Cameron welcomes Microsoft and Google moves to block child porn

New algorithms block child abuse images and videos

Prime Minister David Cameron has welcomed moves by Microsoft and Google to help block child porn, as he hosts a Downing Street summit today to discuss web child protection.

Cameron said internet search engines in particular have made "significant progress" since July to prevent child abuse content from being available, but he said legislation would be brought forward if the ISPs and other main players "fail to deliver".

He said Google and Microsoft have introduced a number of changes to their search function, not only in the UK, but across the world. UK National Crime Agency testing of the new measures shows that child abuse images, videos or pathways are no longer being returned against a blacklist of search terms, at present.

New algorithms have been introduced by Google that block child abuse images, videos and pathways that lead to illegal content, covering 100,000 unique searches.

Auto-complete features offering people child abuse search terms have also been blocked.

Google and Microsoft will now work with the National Crime Agency and the Internet Watch Foundation to bring forward a plan to tackle peer to peer networks featuring child abuse images

Google will also introduce new technology that will put a unique identification mark on illegal child abuse videos, which will mean all copies are removed from the web once a single copy is identified.

Cameron said: "Back in July, I said I wanted to do much more to protect our children from the risks posed by the internet and those who seek to use the web to look at and share illegal and vile content.

"Since then we've strengthened Britain's ability to combat child abuse online with the new National Crime Agency, with over 4,000 specially trained officers."

He threatened legislation, however, if more wasn't done.
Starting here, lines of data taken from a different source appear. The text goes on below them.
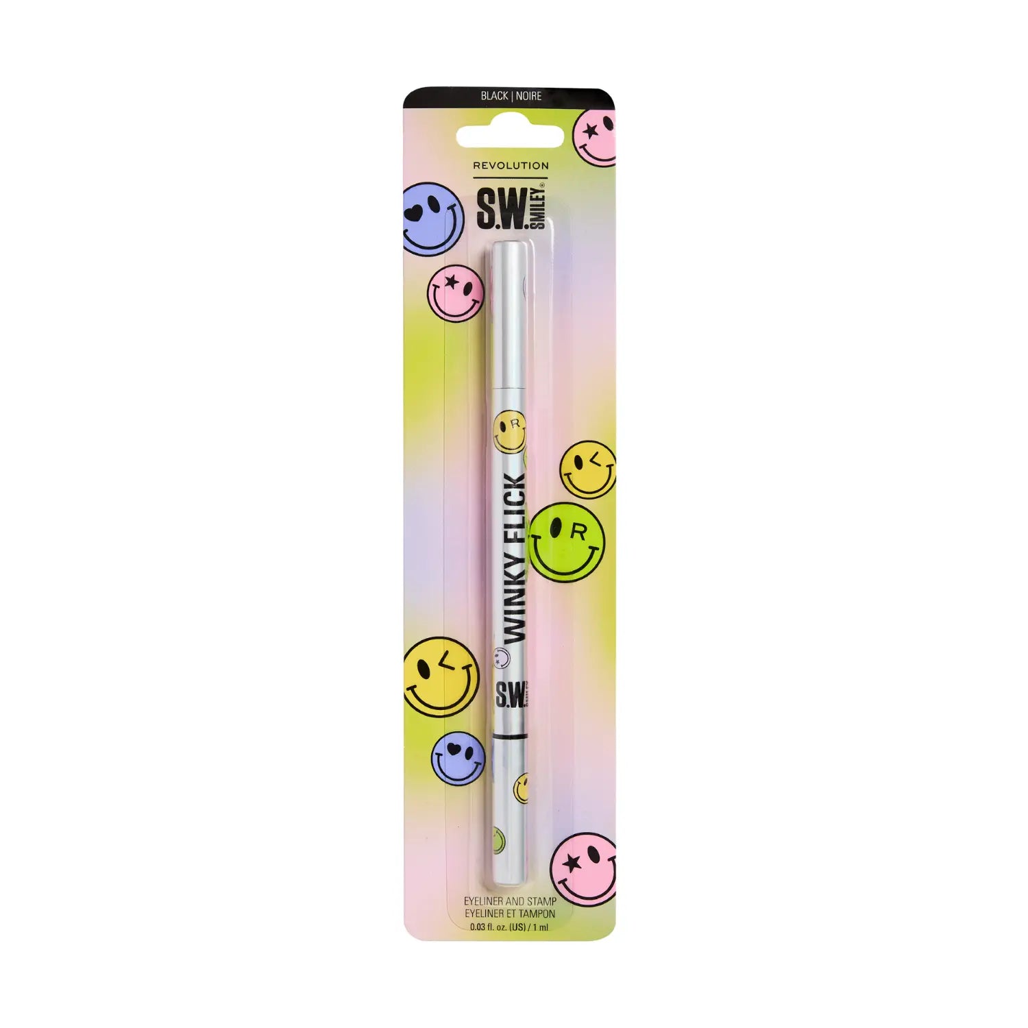 Le Revolution x S.W.Smiley Winky Flick Double-Ended Eyeliner est parfait si tu aimes les lignes nettes et les détails ludiques dans un seul produit. D’un côté, tu retrouves un eyeliner noir intense qui glisse facilement sur la peau et offre une définition précise. Idéal pour des winged liners nets ou un regard classique et intense.
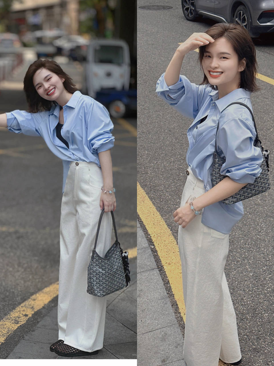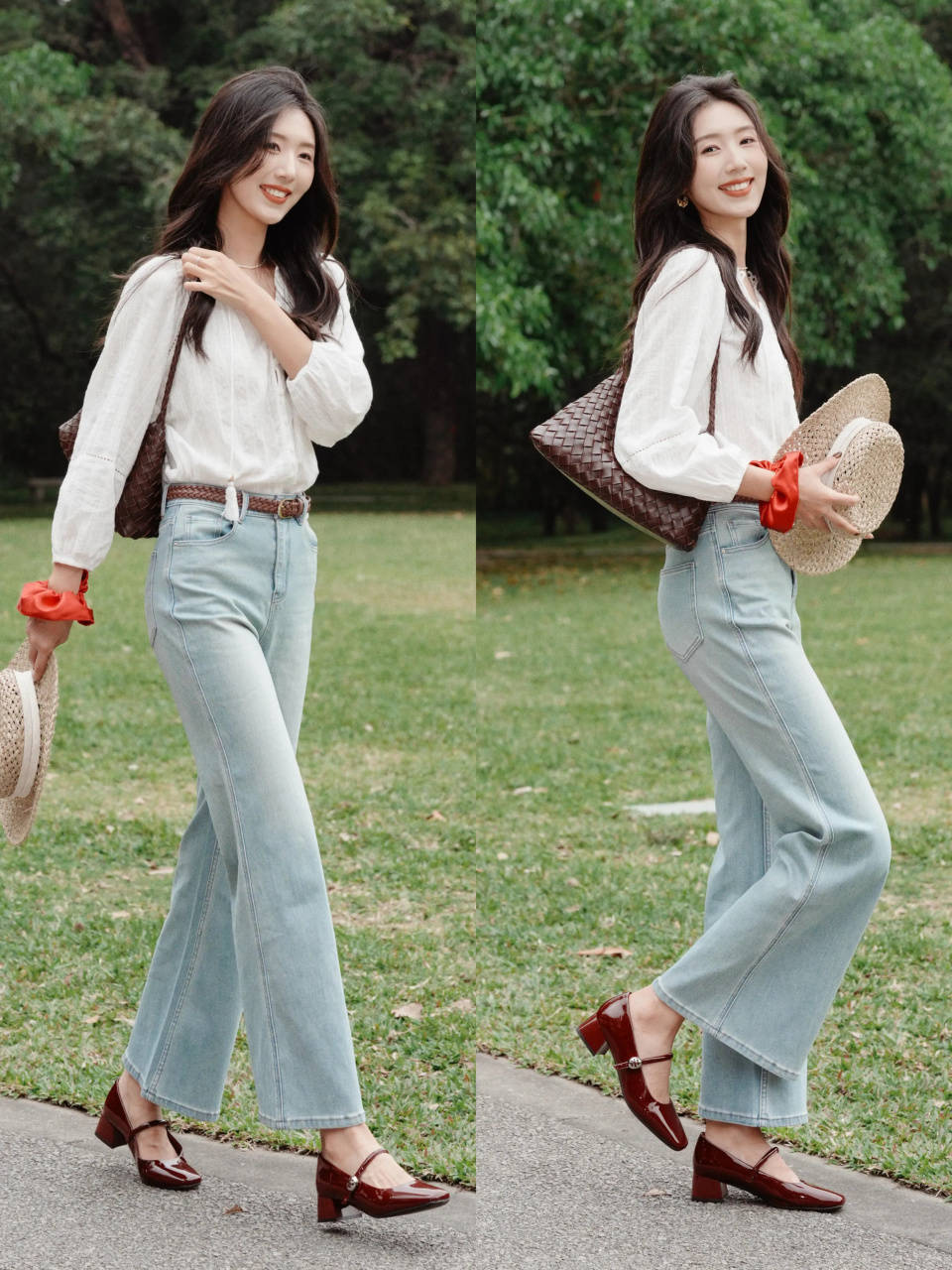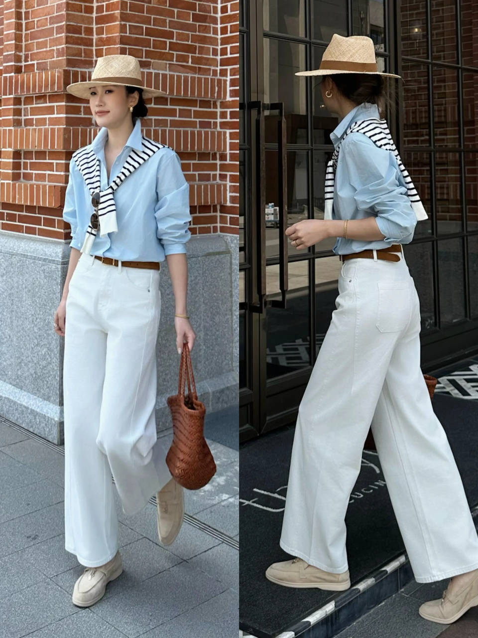 若是喜欢更清爽的穿衣风格,可选一件白色的牛仔直筒阔腿裤,配上一件蓝色的衬衫上衣,蓝白色彩穿搭温柔雅致,不管是通勤、上班、约会、逛街。都完美适配。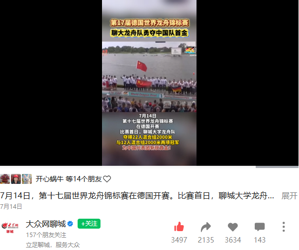 【大众网聊城】报道beat365官方网站龙舟队在第17届世界龙舟锦标赛获佳绩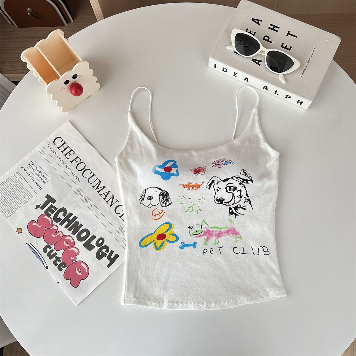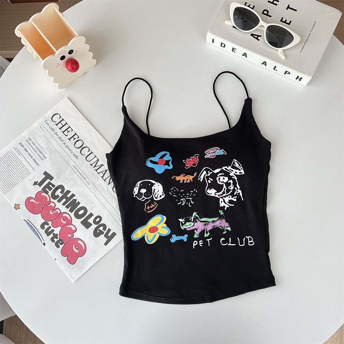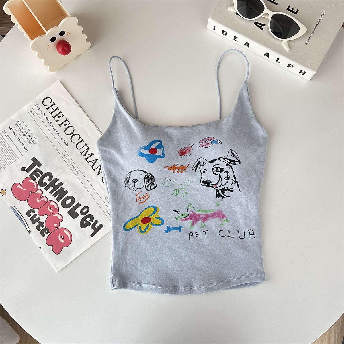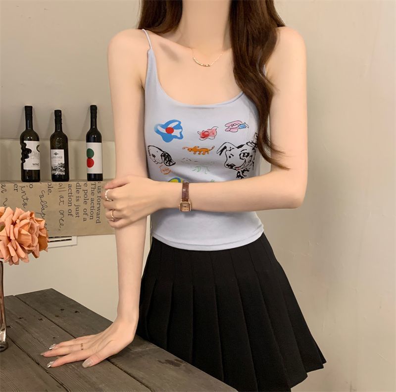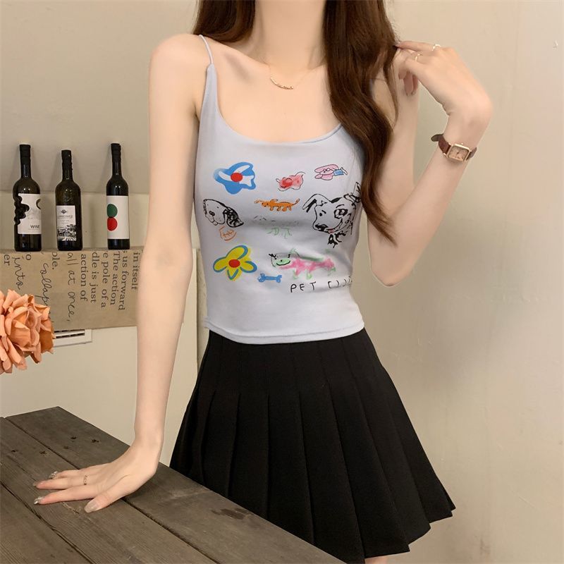 여성을위한 미국 달콤한과 매운 만화 프린트 작은 캐미솔 봄 태국 스타일 민소매 핫 소녀 짧은 탑 가슴 패드 포함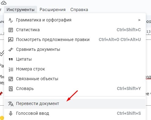 Инструменты → Перевести документ → Выбираешь язык → Google создаёт копию с переводом.

Cameron said: "With the progress that has been made in four months, I believe we are heading in the right direction.

"But no-one should be in doubt that there is a red line: if more isn't done to stop illegal content or pathways being found when someone uses a child abuse search term, we will do what is necessary to protect our children."

Downing Street said the main ISPs will confirm to the prime minister that 20 million homes - 95 percent of all homes in Britain with an existing internet connection - will be required to choose whether to switch on a whole home family friendly internet filter by the end of next year.

The six largest public WiFi providers across Britain have also switched on family friendly filters in all areas where children might access the internet.

Britain and the US have teamed up to target child abuse online with a new UK-US taskforce, set up between the US assistant attorney general and the UK government.